---- INPUT MATERIAL

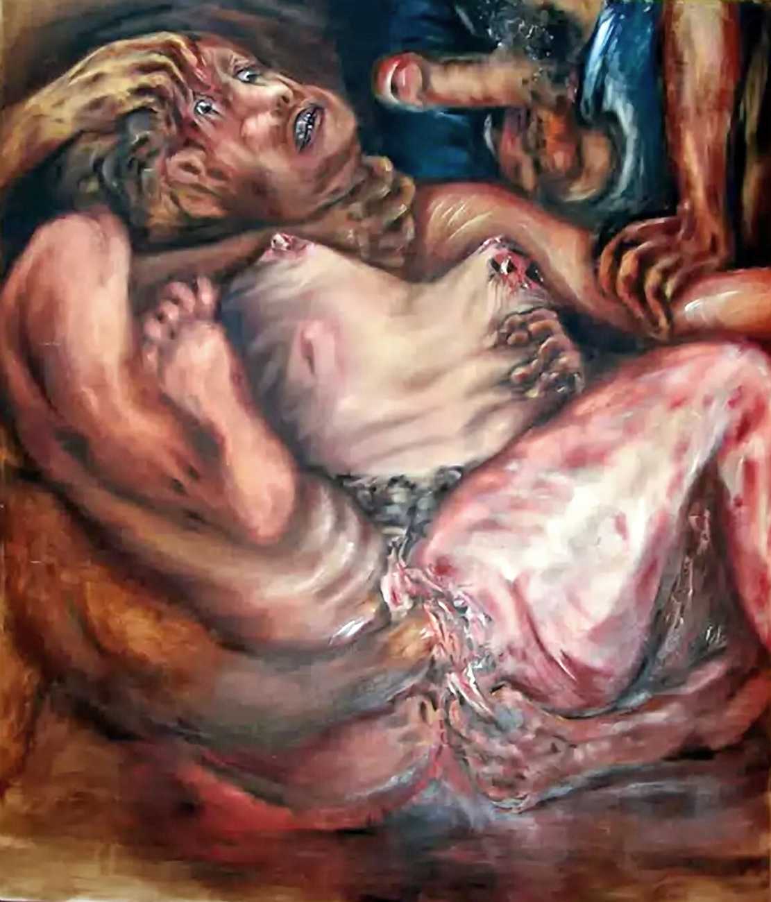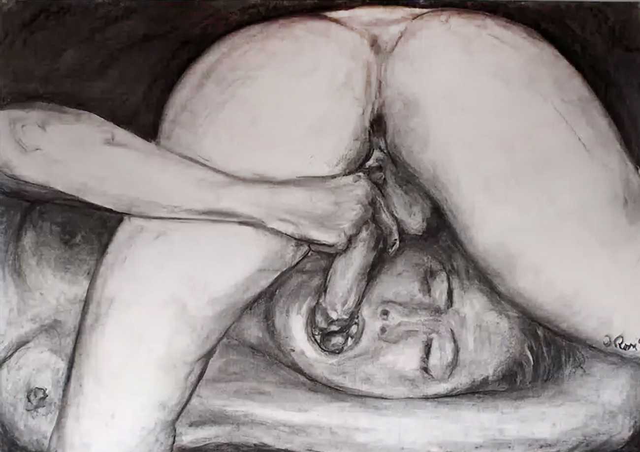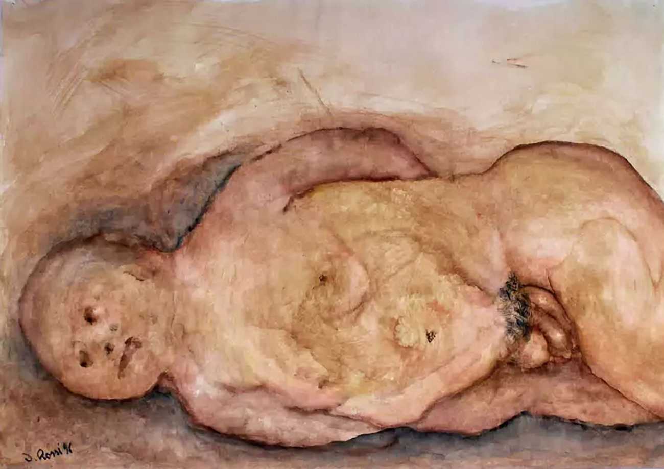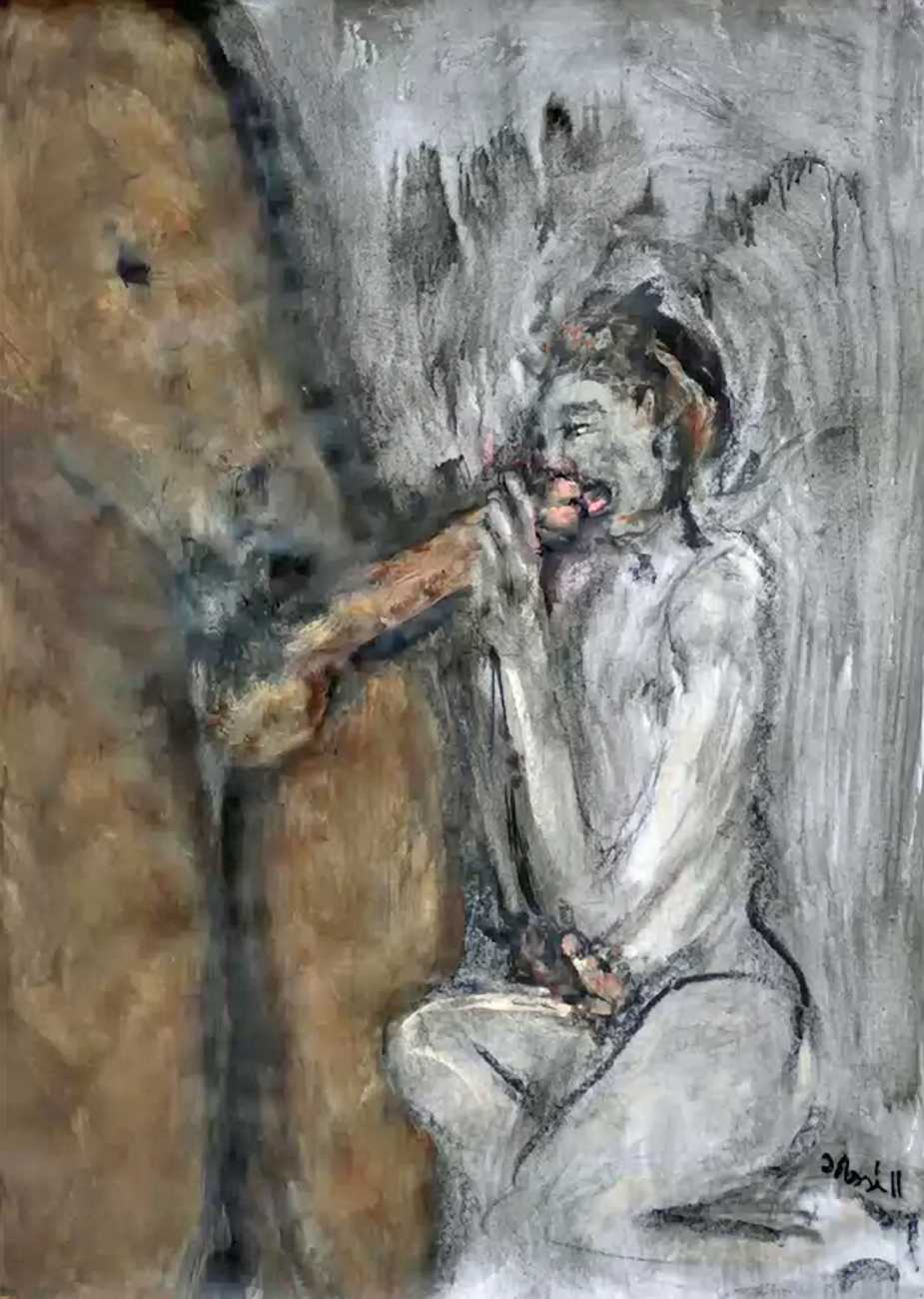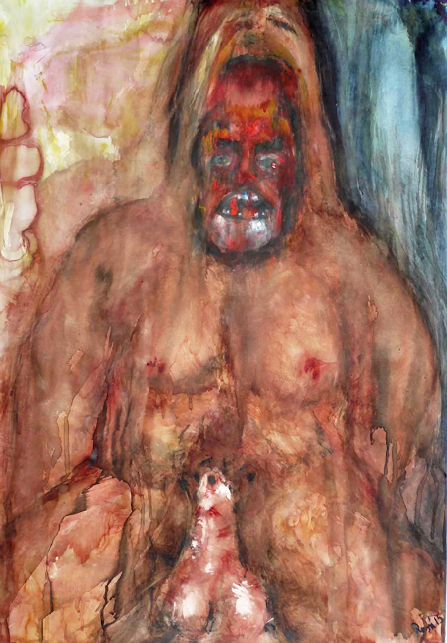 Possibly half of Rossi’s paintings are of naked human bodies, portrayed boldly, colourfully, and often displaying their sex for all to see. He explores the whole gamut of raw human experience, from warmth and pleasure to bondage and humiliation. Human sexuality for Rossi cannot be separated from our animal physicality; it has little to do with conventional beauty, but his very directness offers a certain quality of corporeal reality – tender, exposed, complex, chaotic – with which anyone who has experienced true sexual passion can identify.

--------
---- INPUT MATERIAL

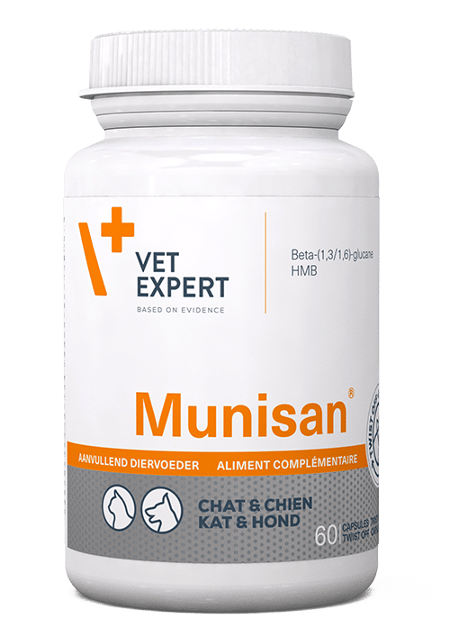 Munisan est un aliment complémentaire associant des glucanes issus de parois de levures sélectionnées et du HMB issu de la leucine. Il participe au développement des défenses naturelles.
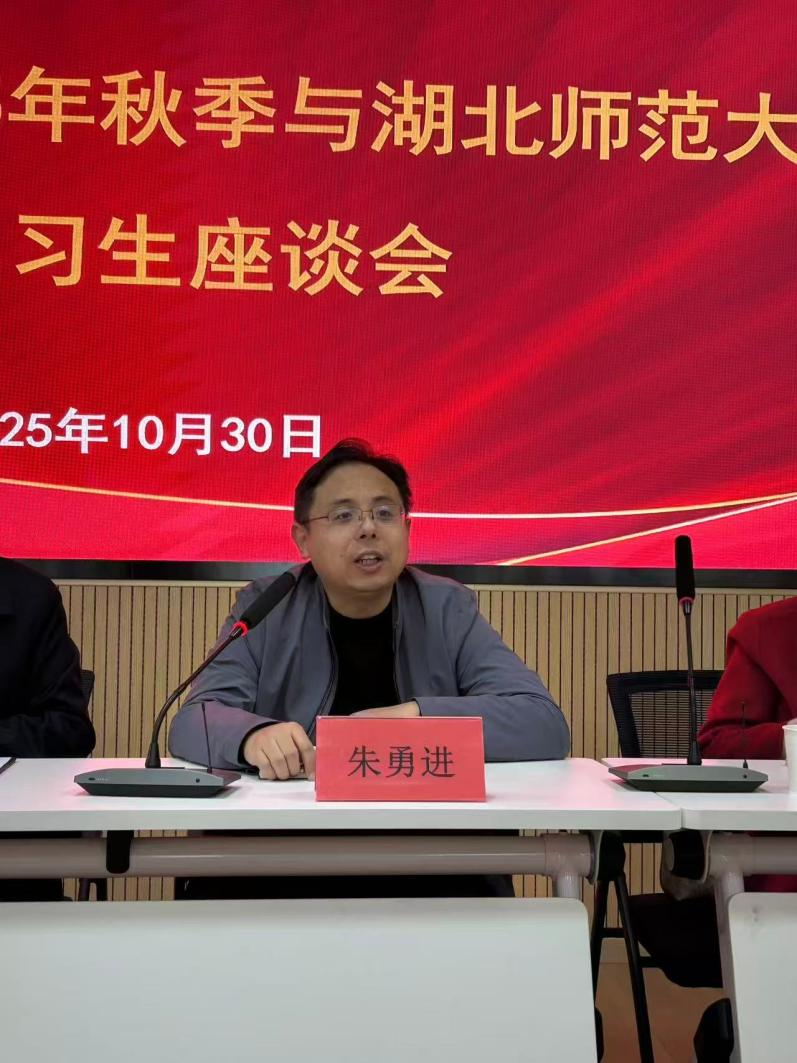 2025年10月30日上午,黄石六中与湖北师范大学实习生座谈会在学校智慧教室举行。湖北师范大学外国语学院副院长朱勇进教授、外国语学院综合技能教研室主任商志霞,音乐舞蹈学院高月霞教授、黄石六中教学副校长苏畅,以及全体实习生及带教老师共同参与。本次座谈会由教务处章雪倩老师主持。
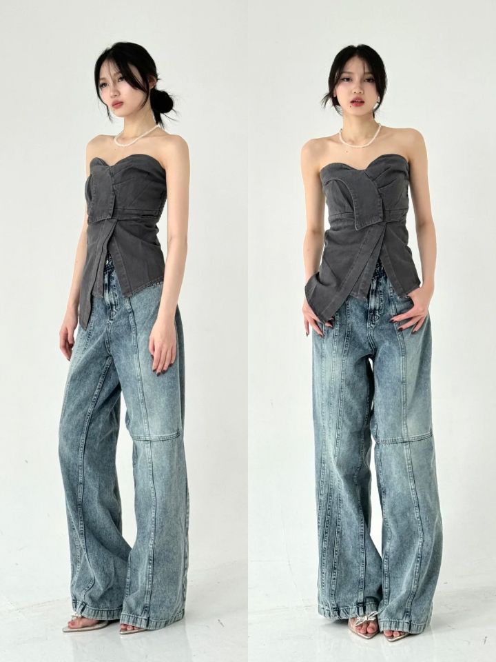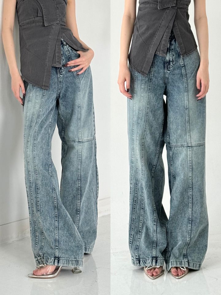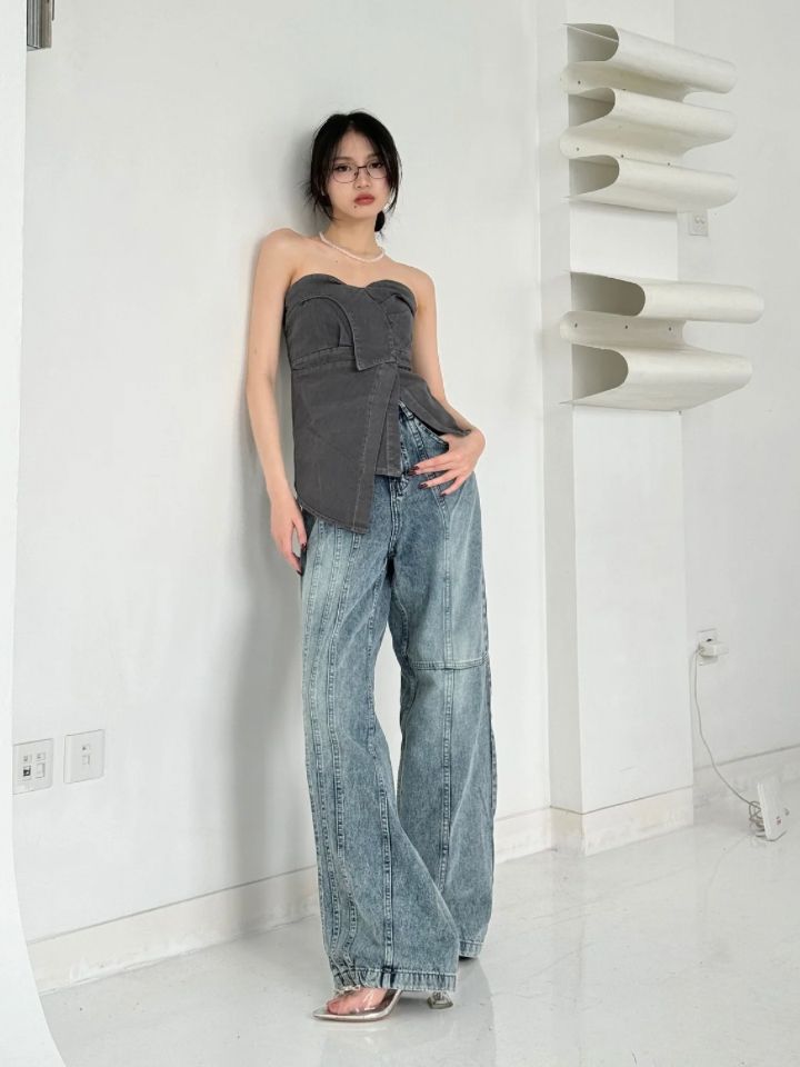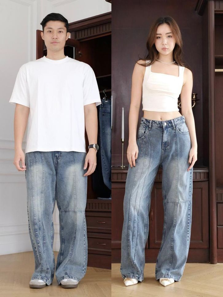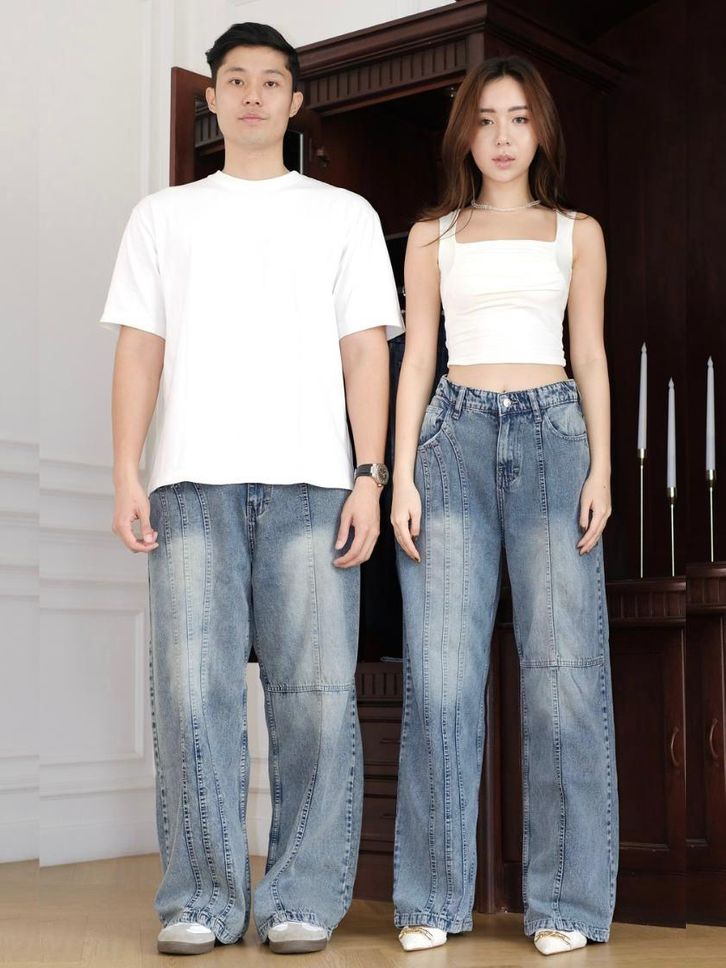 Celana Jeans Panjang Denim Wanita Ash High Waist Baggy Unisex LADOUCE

--------

■ **TASK GOAL**: Your answer is the exact run of lines above from the one with "2025年10月30日上午,黄石六中与湖" through the one with "Celana Jeans Panjang", both ends included, minus any picture.

■ **RESPONSE**:
 2025年10月30日上午,黄石六中与湖北师范大学实习生座谈会在学校智慧教室举行。湖北师范大学外国语学院副院长朱勇进教授、外国语学院综合技能教研室主任商志霞,音乐舞蹈学院高月霞教授、黄石六中教学副校长苏畅,以及全体实习生及带教老师共同参与。本次座谈会由教务处章雪倩老师主持。
 Celana Jeans Panjang Denim Wanita Ash High Waist Baggy Unisex LADOUCE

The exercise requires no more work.